School enrollment shows decline; COVID-19, other factors to blame

The number of students enrolled in Wrangell Public Schools has dropped by nearly half in the past 30 years.

According to data from the Alaska Department of Education, enrollment for the 1991-92 school year totaled 527. The 2021-22 school year enrollment totaled 257 in the fall count.

So where have the children gone?

“I came in ’94 and the mill was still running,” said Bob Davis, assistant principal for Wrangell High School and Stikine Middle School. “The mill went down about a year later and things have been rough ever since. When COVID hit, things really dropped, and we haven’t recovered entirely.”

The 2020 U.S. Census data shows there are 420 school-age children (5 to 18 years old) residing in Wrangell. “We still have around 50 students that are still enrolled in different or homeschool programs outside of the Wrangell Public Schools District, that at one time attended our schools,” said Schools Superintendent Bill Burr.

Deducting those 50 from the school-age population of 420, leaves about 113 kids not enrolled in Wrangell schools. Of course, Davis said, there are some in the census age range that have graduated and some have dropped out, but there are some that just aren’t being counted.

“I’m also concerned because a lot of kids have dropped off the radar,” Davis said. “And they’re not, I think, in homeschool situations. They’re just not going to school.”

As for homeschooled students, Davis feels that many parents taking on the task of teaching at home “do a fantastic job of that, and I support that 100%.”

Census data showed that Wrangell’s median age is 49. A 2014 Alaska Department of Labor Economic Trends Report showed that the borough’s median age was much higher than that of Alaska’s median age of 34. “Older populations have lower birth rates and more deaths, and Wrangell also tends to lose population through more people moving out than in, which is common for smaller Alaska communities,” the report read.

A Labor Department report from 2019 stated, “Alaska’s negative net migration trend has also contributed to this shift to an older population.
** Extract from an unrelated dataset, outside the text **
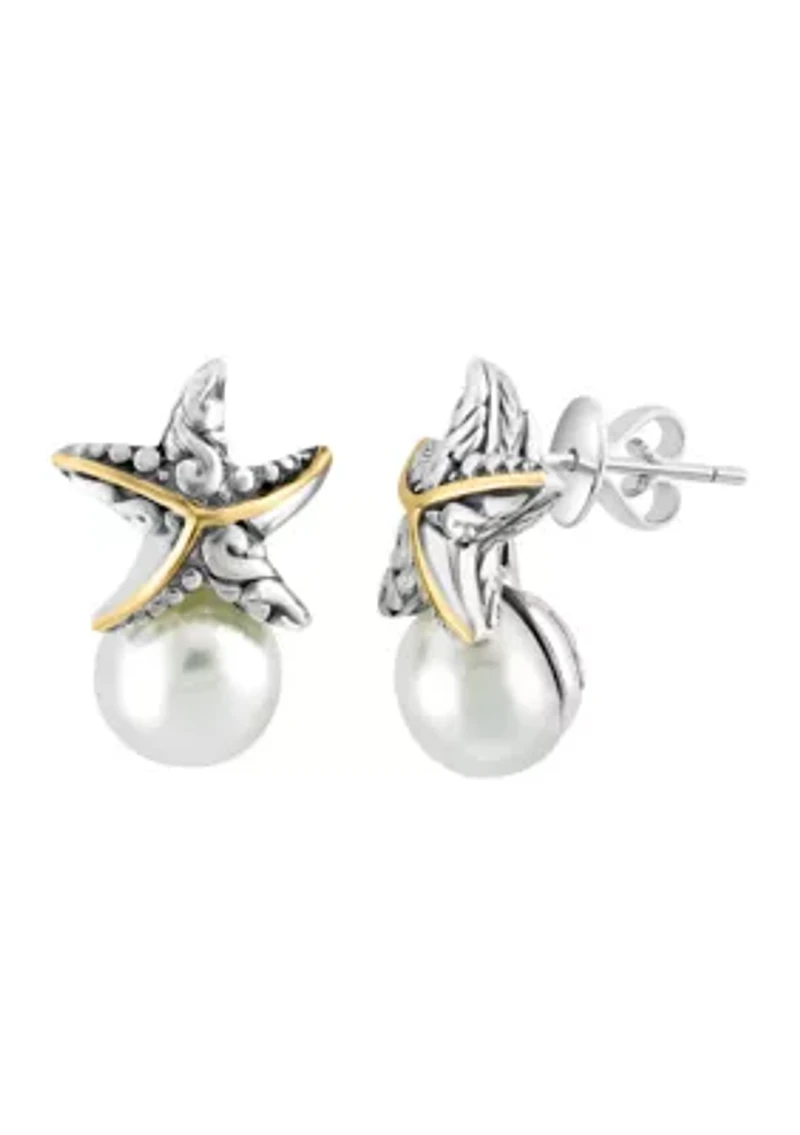 Freshwater Pearl Starfish Earrings in 18K Yellow Gold Over Sterling Silver

Since 2013, Alaska has lost substantially more people to migration each year than it’s gained, leading to little or no total population growth.”

Wrangell’s school-age children comprise about 19% of the community’s population, which is on par with the rest of the state.
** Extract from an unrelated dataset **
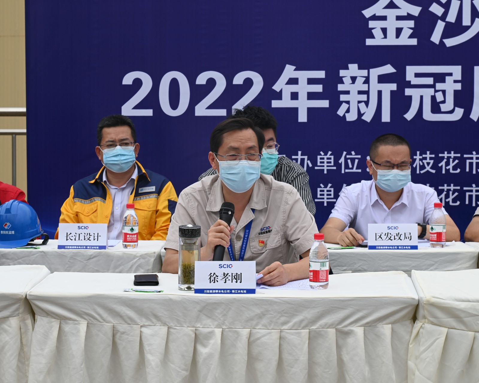 為進一步做好公司新冠疫情防控工作,強化和提高公司與各參建單位的應(yīng)急處置意識和能力,5月21日上午,攀水電公司與東區(qū)疾控中心在銀江水電站35kV施工變電站聯(lián)合組織開展新冠疫情防控應(yīng)急演練。演練由攀水電公司黨總支委員、總經(jīng)理、疫情防控領(lǐng)導(dǎo)小組副組長吳巍嶼主持,川投能源副總經(jīng)理、攀水電公司黨總支書記、董事長、疫情防控領(lǐng)導(dǎo)小組組長徐孝剛擔(dān)任演練總指揮,攀枝花市東區(qū)政府副區(qū)長王靜,東區(qū)人大黨組副書記、副主任陳康,東區(qū)有關(guān)部門負責(zé)人和公司疫情防控領(lǐng)導(dǎo)小組主要成員及各參建單位負責(zé)人到現(xiàn)場觀摩演練。

Declining school enrollment isn’t just a concern to the amount of state funding the district receives, it affects the opportunities the district can provide to the kids that are attending school.

The lower student count in recent years has cost the district a few hundred thousand dollars in state funding each year. State funding covers about 65% of the district’s general fund budget.

“For almost my whole career here, we’ve been losing students to a large degree,” Davis said. “What that means is we have to eventually reduce staff. But what we try to do when we reduce staff is we don’t reduce programs and opportunities for kids. Teachers are doing more with less. It’s getting to the point, in my opinion, that that can’t continue. Teachers are working their tails off.”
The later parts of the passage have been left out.